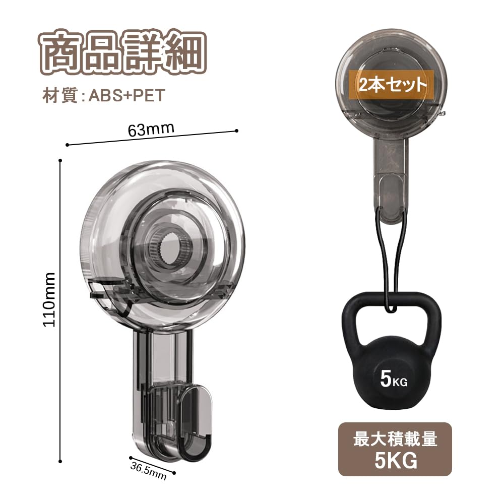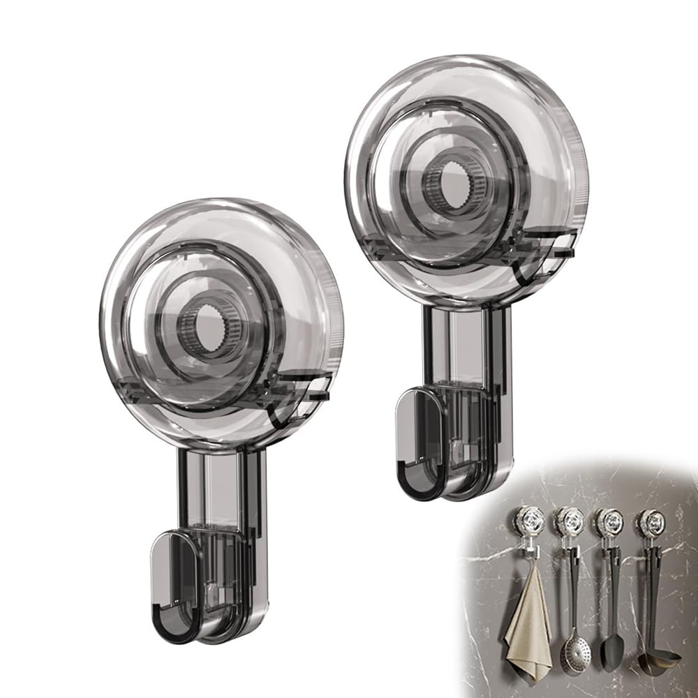 【数量限】UrbanPulse 吸盤 フック 強力 壁掛けフック 繰り返し使用可能 傷つけない 透明 真空 ネジ不要 高い耐荷重 玄関 キッチン バスルーム 浴室 壁掛け収納 防水 2個入り (グレー)
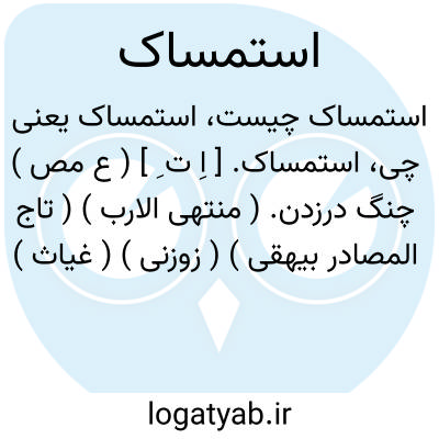 استمساک. [ اِ ت ِ ] ( ع مص ) چنگ درزدن. ( منتهی الارب ) ( تاج المصادر بیهقی ) ( زوزنی ) ( غیاث ). سخت داشتن دست و غیره در چیزها. اعتصام: استمساکاً به؛ تعویلاً به. || احتباس.
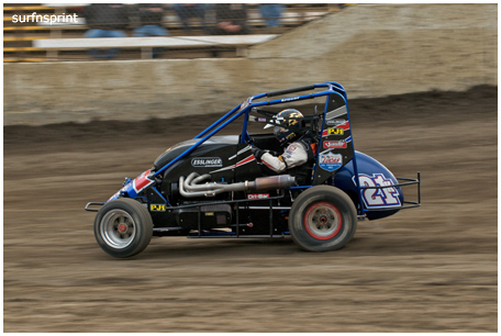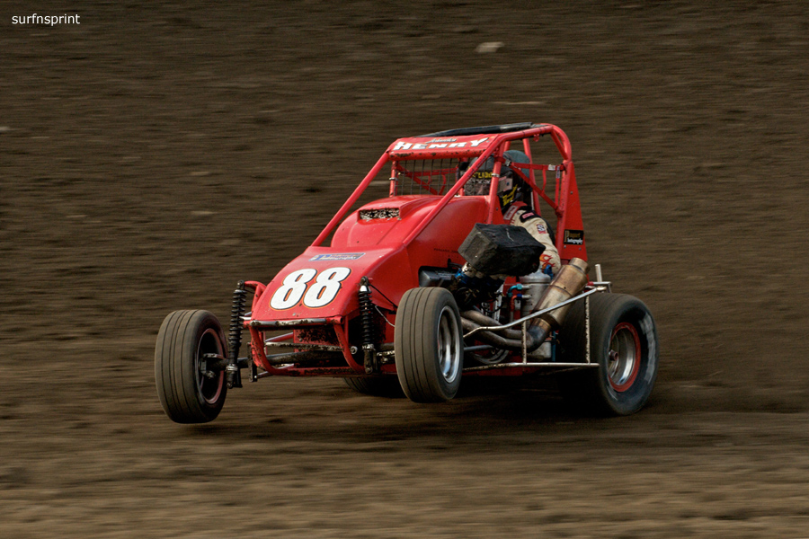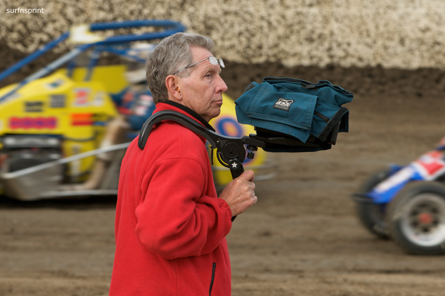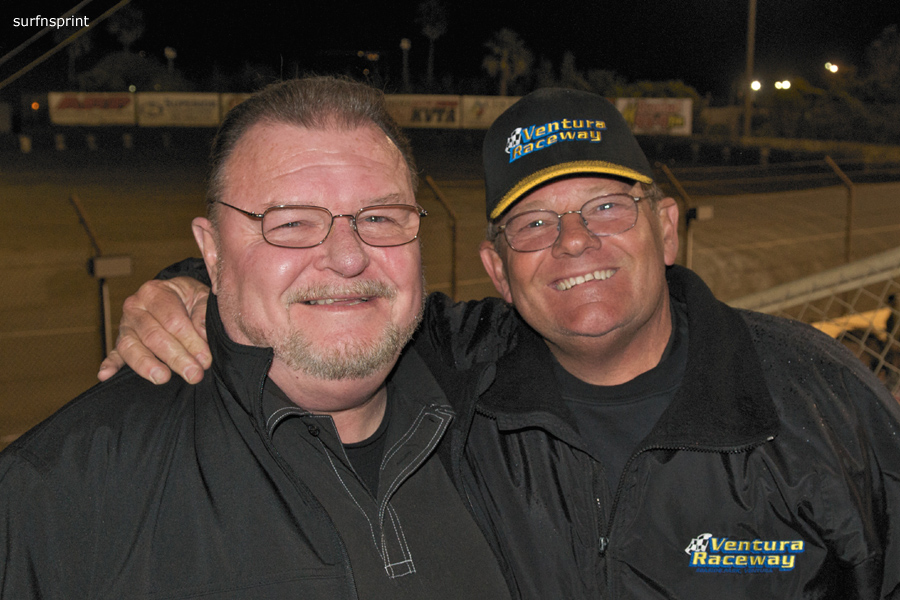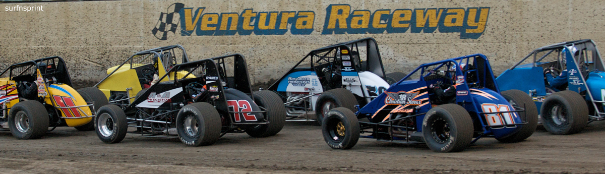 Midget main was excellent. Naylor was thrilled that the track’s size and the hard tire got the cars “off the pole” and racing all over the track. Lot’s of passing. Kruseman started third, went back to seventh or so and then fought back to the front. Jake Swanson’s Honda power plant stacked up nicely against Cory’s Esslinger with a second place finish. Props to Chris Ennis for a third place showing, Ennis is proving to be a formidable competitor. Jonathan “Hammering” Henry was amazing. Between this Midget race and the Sprint that followed, I would have to say that Jonathan Henry dominated overall and just killed in both events. Check him out in the red Graunstadt #88 just exploding down the backstretch on the Loudpedal Video. Cody Swanson was hard charger from seventeenth to seven. The whole Kruseman and Naylor BFF thing is paying dividends for left coast racing. Bruce Douglas (the real surfnsprint) along with Victor Davis and evergreen Bill Camarillo have been at the center of a core group pushing for Midget racing to come back to Ventura. With Cory, Steve Watt and Rick Taylor helping Naylor with test, tech and direction, Ventura is again becoming a church for speed. With the school, the shack and the championship experience, is Saint Cory is stacking the deck for himself? Maybe. But when you are baptized at Ascot, confirmed in Perris and ordained at the Chili Bowl, you don’t have a lot of ‘splaining to do. Puts his racing suit on one leg at a time and has to fight from the back just like everybody else. Bless these punks. Jim, Cory, Steve and many more are in the middle of life long commitments. They are bleeding on the cutting edge of open wheel racing. They’re taking us with them. Midgets are back at Ventura. Twelve races and I won’t miss one!
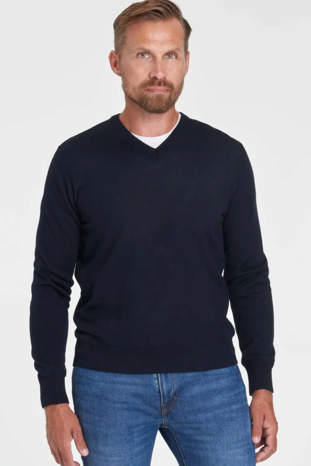 Miesten kevyt neule pitkillä hihoilla ja V-pääntiellä.Lisää tietojaMalli käyttää kokoa LMallin mitat: rinnanymp…
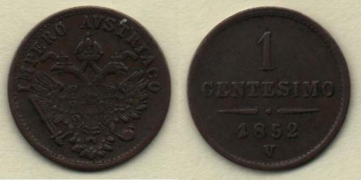 Centesimo 1852 V - menší typ, 1.039g, pěkná patina
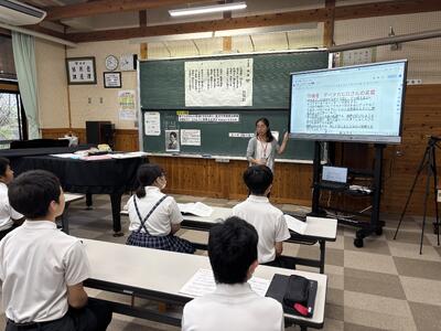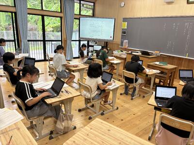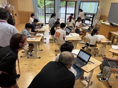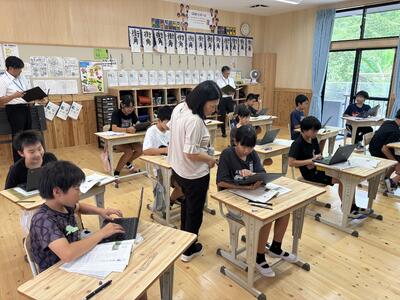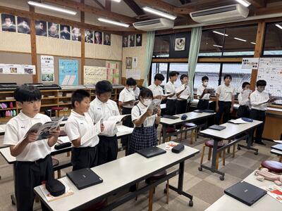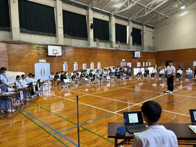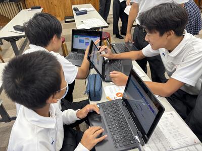 まさに、GIGAスクール構想で整備された一人一台端末を活用した、新しい学びのカタチを実感することができました!生徒は皆、日頃の学習の成果を発揮しようと、真剣に画面に向き合い、集中して取り組んでいました。
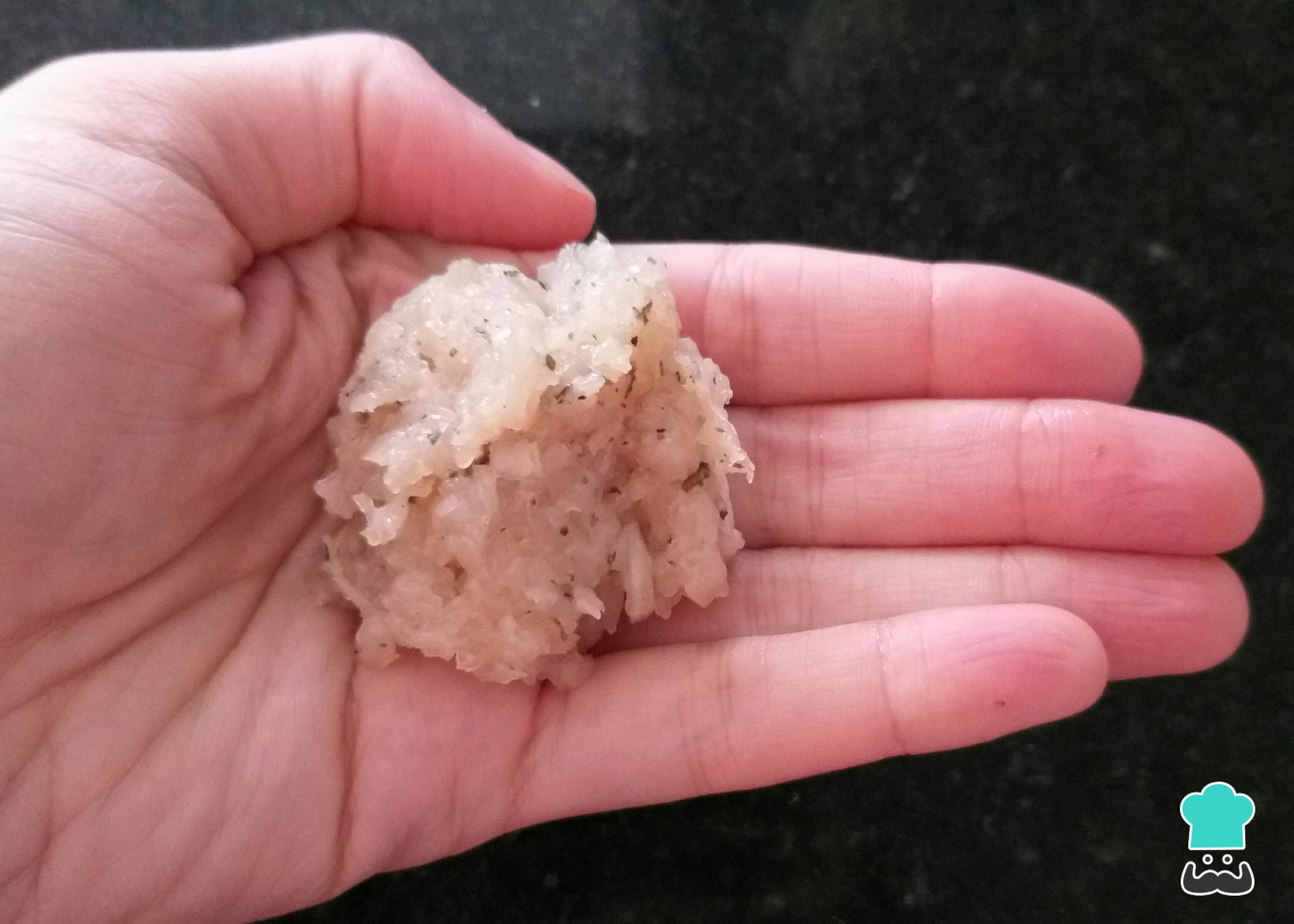 Retire do processador, aperte bem a massa com as mãos e divida em pequenas porções. Faça bolinhas e jogue a massa de uma mão para a outra, para modelar.
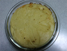 急に暖かくなってきた影響か、大事に食べていた男爵ちゃんからニョキニョキと芽がでてきてしまいました(>_<。)畑があれば喜んで植えるんですが、うちはプランターだけなので諦めてシェパーズパイに(^-^) 大体のレシピは以前ブログに載せた「MaCANN'Sシェパーズパイ」と同じなんですが、今回はミートソースのお肉を「牛挽肉→合挽き肉」にマイナーチェンジ味付けはいつも通りケチャップとハッシュドビーフのルーですが、隠し味にちょっとお醤油を入れてみました(^_-)~☆そしていつもより水分少なめな感じにしてみましたよ~(^0^)ノ そして目分量でホワイトソースも作って~、マッシュポテトは牛乳とコンデンスミルクと砂糖を適当にいれて裏ごしして~(裏ごししたくなくてフードプロセッサー使ったけど、やっぱり滑らかにならなかった)、重ねてシャムロックを描いて焼いて完成そしたら適当に作ったのにとってもおいしかった~「おいしく出来たけど、レシピメモしてない・・・。」と言ったら横でアイリッシュが「(-_-;)」こんな顔してましたが(笑)、やっぱり家庭料理は目分量が一番ですよねぇ~♪そして表面のシャムロック、上手くかけたのに焼き色がイマイチで残念(ノ_-;) でもねぇ、1つ残念だったのが、古いじゃがいもだったからか男爵の「ホクホク」した感じじゃなくて「ねっとり」しちゃったの(x_x)新じゃが季節が既に待ち遠しいです!!今年は嫁実家に「男爵作ってけろ~~!!」って猛烈にお願いしてみたけど、植えつけてくれたかなぁ・・・そして嫁はMaCANN'Sさんのシェパーズパイにより近づくかもしれない方法を思いついたので近いうちに試してみます。むふ。 CA3C1303.jpg
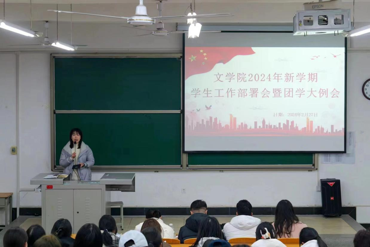2月27日下午,文学院于A8-101会议室召开2024年学生工作部署会暨第一次团学大例会,党委副书记张曼、全体辅导员及各班班长、团支书等主要学生干部参会,会议由辅导员赵子晗主持。
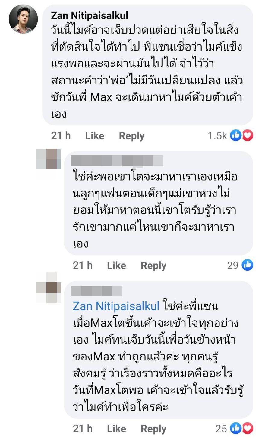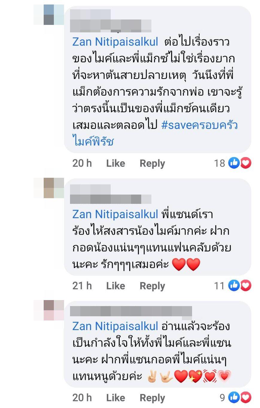 จากนั้นก็มีชาวเน็ตกดไลค์และแสดงความคิดเห็นเป็นจำนวนมาก พร้อมทั้งให้กำลังใจไมค์ แซน และครอบครัวด้วย.
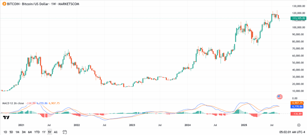 On the weekly timeframe, BTC is still printing higher highs and higher lows compared with the spring trough. Price is holding above the prior breakout area near $110K, which now acts as first support, with a deeper shelf around $105K and the psychological $100K level below that. Resistance is stacked at $120K, then $125K, followed by the year-to-date peak just shy of $130K. The MACD has eased from extreme readings, and the histogram has begun to contract, which often signals waning downside pressure rather than a fresh bearish leg. If buyers can keep weekly closes above $110K, the path back toward $120K reopens.
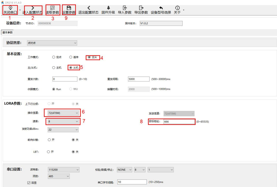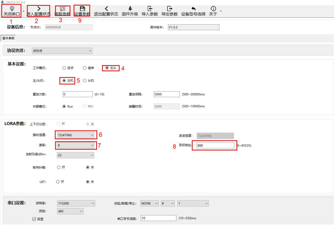 打开LoRa设置软件,选择LG216,依次点击打开串口(选择A、B对应的串口号,串口参数:115200,None,8,1,NFC)、进入配置状态、读取参数、配置上表中的参数、一键设置所有参数,关闭LoRa设置软件。
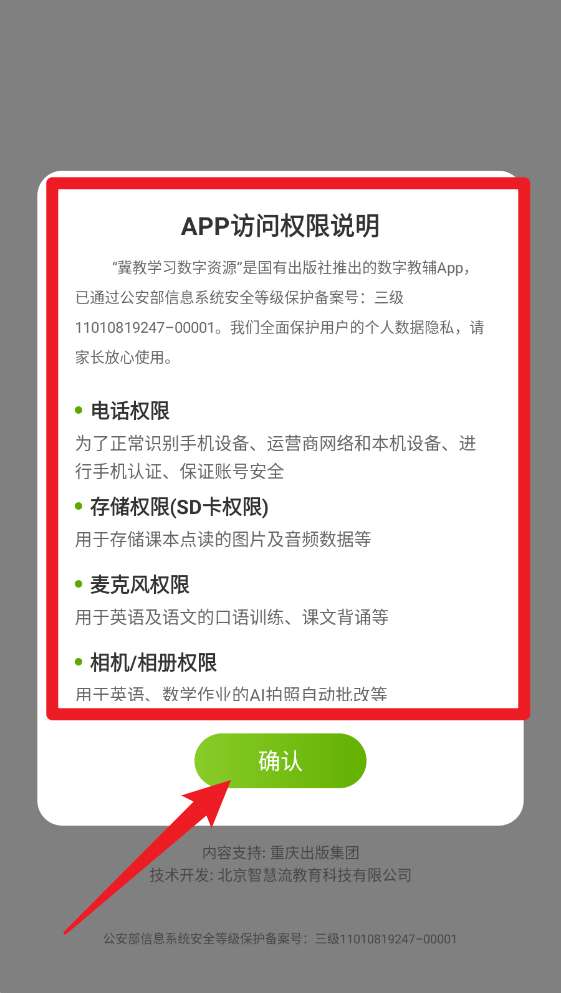2、系统会提示【APP访问权限说明】,包括电话、存储、麦克风和相机权限,请点击【确认】,以保证功能正常使用。
---
Begin at the top of the material above and output each line exactly, stopping after the line that holds "استمساک. [ اِ". Leave out pictures.

**Answer box**:
 【数量限】UrbanPulse 吸盤 フック 強力 壁掛けフック 繰り返し使用可能 傷つけない 透明 真空 ネジ不要 高い耐荷重 玄関 キッチン バスルーム 浴室 壁掛け収納 防水 2個入り (グレー)
 استمساک. [ اِ ت ِ ] ( ع مص ) چنگ درزدن. ( منتهی الارب ) ( تاج المصادر بیهقی ) ( زوزنی ) ( غیاث ). سخت داشتن دست و غیره در چیزها. اعتصام: استمساکاً به؛ تعویلاً به. || احتباس.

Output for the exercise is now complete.